Remettant les compteurs à zéro, le jeune Rithy, déchiré entre le «dire et le non dire», s'adonne aux arts, à la peinture et à la musique notamment. Une situation difficile dans la mesure où le besoin d'expression doit être canalisé autrement que par un appel à la compassion ou, pire, à la pitié. «Il n'est pas certain que les gens qui vous écoutent puissent comprendre, ou même entendre, dit-il. La nature humaine est très fragile. On s'émeut collectivement des horreurs qui surviennent un peu partout en disant «plus jamais» et pourtant, elles refont toujours surface.»

Ordre moral

Par hasard, un prof bien intentionné lui remet une caméra super 8 entre les mains. Le destin du jeune homme s'en trouve alors scellé. Dès le départ, Rithy Pahn entreprend de raconter l'histoire de son pays meurtri par le truchement de documentaires, bien qu'il ne fasse aucune distinction entre ceux-ci et ses films de fiction. Les gens de la rizière, un film de fiction présenté en compétition à Cannes, l'impose pourtant d'emblée dans la cour des grands.
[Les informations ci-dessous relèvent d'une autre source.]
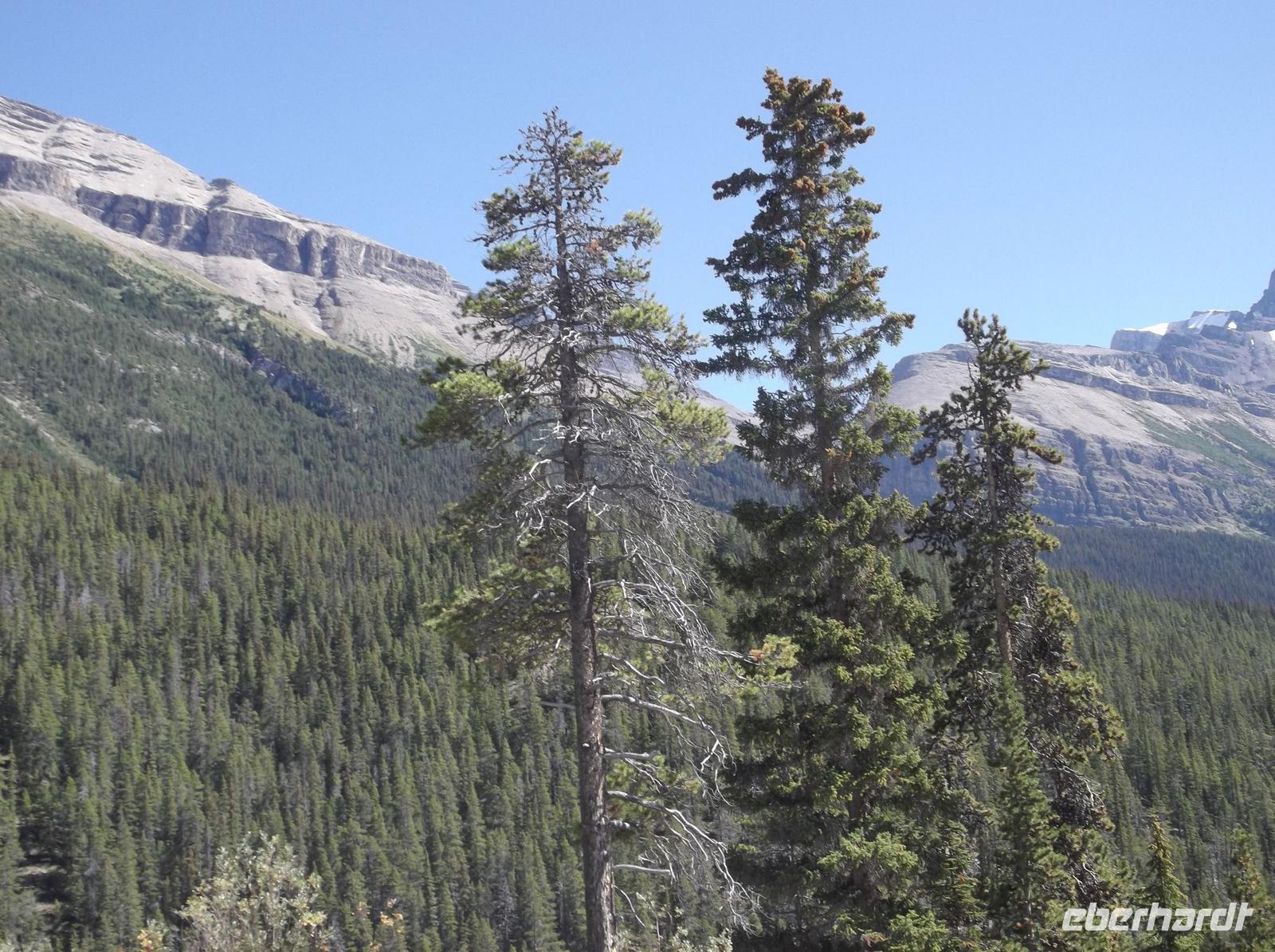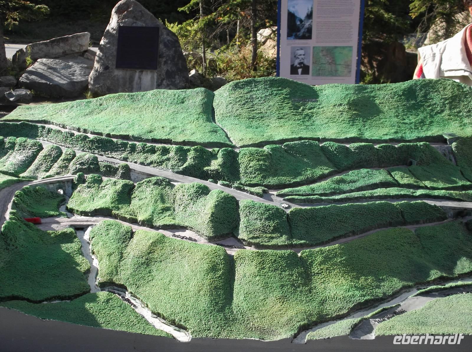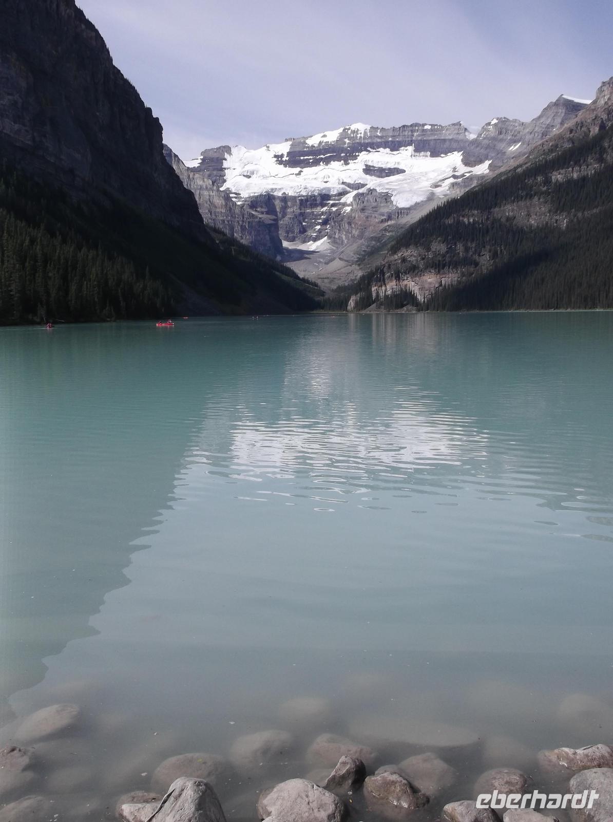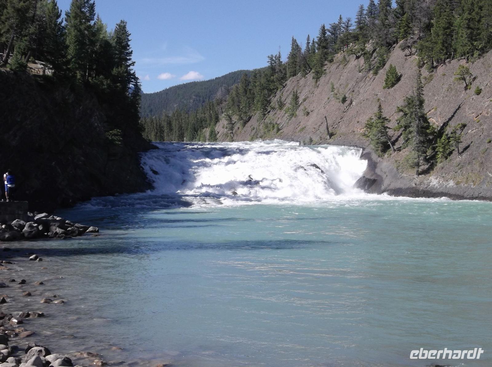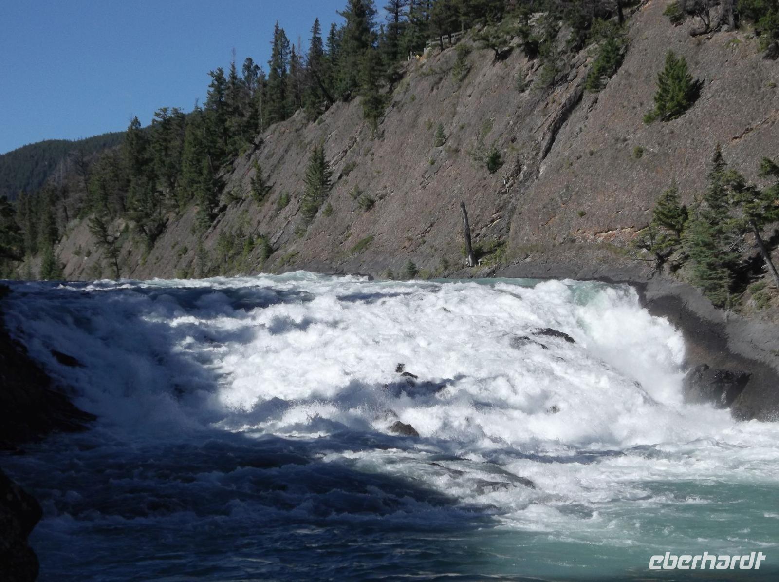 31.08.13: Ein Traumwetter für den heutigen Ausflug in den Banff- und Yoho Nationalpark kündigt sich an. Zunächst erfolgt ein Stopp am Castle Mountain, einem gewaltigen Bergmassiv, der in den 2728 m hohen Eisenhower Peak gipfelt. Ein Erlebnis der besonderen Art ist der sogenannte Spiraltunnel. Von einem Aussichtspunkt kann man beobachten, wir hatten das Glück, wie die extrem langen Züge den Tunnel durchqueren. Während die vorderen Waggons den Tunnel bereits unten wieder verlassen, fahren oben die hinteren Waggons erst in den Eingang hinein. Warum ist das so? Mit 4,5% besaß die ursprüngliche Streckenführung der Canadian Pacific Railway das steilste und zugleich unfallträchtigste Gefälle aller kanadischen Eisenbahnen. Die 1909 fertiggestellten Spiral Tunnels mit jeweils zwei Spiralenserpentinen reduzieren das Gefälle auf 2,2%. Für uns gibt es kein Rasten und Ruhen. Weiter geht es zur Natural Bridge. Die "natürliche Brücke" über den Kicking Horse River entstand durch jahrhundertelange Erosion die einen Tunnel durch den massiven Fels grub und ein besonderes Naturschauspiel bietet. Gegen Mittag erreichen wir Lake Louis, von den Stoneyindianern auch " See der kleinen Fische" genannt. Wir nehmen unvergessliche Eindrücke mit nach Hause. Zum Gesamteindruck des blauen Wassers und der schneebedeckten Gipfel gesellt sich noch der Blick auf den fast bis ans Wasser reichenden Victoria Gletscher. An einem Ende des Sees thront das Hotel Chateau Lake Louis, ein nostalgisches Grandhotel aus dem Jahre 1894. Sein heutiges Aussehen hat es aus dem Jahr 1924 nachdem ein Brand den aus Holz errichteten Vorgängerbau zerstört hatte. Auf dem Rückweg nach Banff machen wir noch einen kleinen Spaziergang zum Johnston Canyon und wandeln auf diesem beliebten Wanderweg durch eine spektakuläre Schlucht und sehen imposante Wasserfälle. Weiter geht die Fahrt zu einer Aussichtsplattform und wieder eröffnet sich uns ein grandioser Blick auf Banff. Blickfang ist das Wahrzeichen der Stadt: das 1888 eröffnete Banff Springs Hotel, einst mit 250 Gästezimmern größtes Hotel der Welt, in dem später auch einmal Marilyn Monroe nächtigte. Es hat noch viel vom Glanz des frühen Eisenbahntourismus bewahren können, da sich nur Wohlhabende den Luxus einer Fahrt in die Rockies leisten konnten.

«La frontière entre le documentaire et la fiction n'a aucune importance à mes yeux, explique-t-il. Je fais un film. Ma préoccupation est surtout d'ordre moral. Chaque cinéaste a sa propre morale, à vrai dire. La mienne est de faire un film avec les autres, pas sur les autres. Tout passe par les images, tout s'écrit en images. D'où l'importance de montrer des images qui aident à penser, à réfléchir.»

En portant à l'écran Un barrage contre le Pacifique, une «partition» de jeunesse, en partie autobiographique, qu'a écrite Marguerite Duras, le cinéaste a ainsi voulu faire un travail de mémoire. Il a tourné son film sur les lieux mêmes qu'évoque l'écrivain dans son roman, plongeant du coup dans l'histoire de cette famille de colons français en Indochine, coincée dans les injustices du système colonial de l'époque.

L'influence d'une oeuvre


«Si je ne fais pas erreur, explique Rithy Pahn, il s'agit peut-être de la seule fois où une oeuvre littéraire écrite dans le passé a pu avoir une influence directe dans la vie quotidienne des gens. Sans ce roman, les autorités françaises et cambodgiennes n'auraient probablement jamais construit ce barrage qui, aujourd'hui, permet aux habitants de récolter trois fois plus de riz qu'auparavant.»
Isabelle Huppert, Gaspard Ulliel et Astrid Bergès-Frisbey donnent chair à cette famille coloniale dont les relations sont exacerbées par un contexte de vie difficile.

«Il est émouvant de penser que cette mère, pas très généreuse en apparence, ait quand même pu transmettre deux choses essentielles à sa fille, explique de son côté Isabelle Huppert. D'une part, le goût de l'écriture. Et aussi, l'engagement politique. Malgré les relations difficiles qu'elle a avec ses enfants, malgré l'absence de son mari et le fait qu'elle doive tout diriger elle-même, cette femme est assoiffée de justice et reste consciente de la souffrance des autres. En même temps, il est certain qu'elle est issue d'un monde en train de prendre fin. D'une certaine façon, elle a contribué à construire ce monde-là.»

Parce que «faire un film, ça ne suffit pas», Rithy Pan s'occupe par ailleurs d'un centre au Cambodge afin que ses compatriotes aient un endroit où ils «peuvent avoir accès à leur mémoire».

«C'est étrange, mais en réalisant Un barrage contre le Pacifique, j'ai davantage pensé à Gandhi qu'à Duras! lance le cinéaste. La générosité, ce n'est pas donner. La vraie générosité, c'est de ne pas prendre plus que ce dont vous avez besoin.»

Un barrage contre le Pacifique
prend l'affiche le 15 mai. Les frais de voyage ont été payés par Unifrance.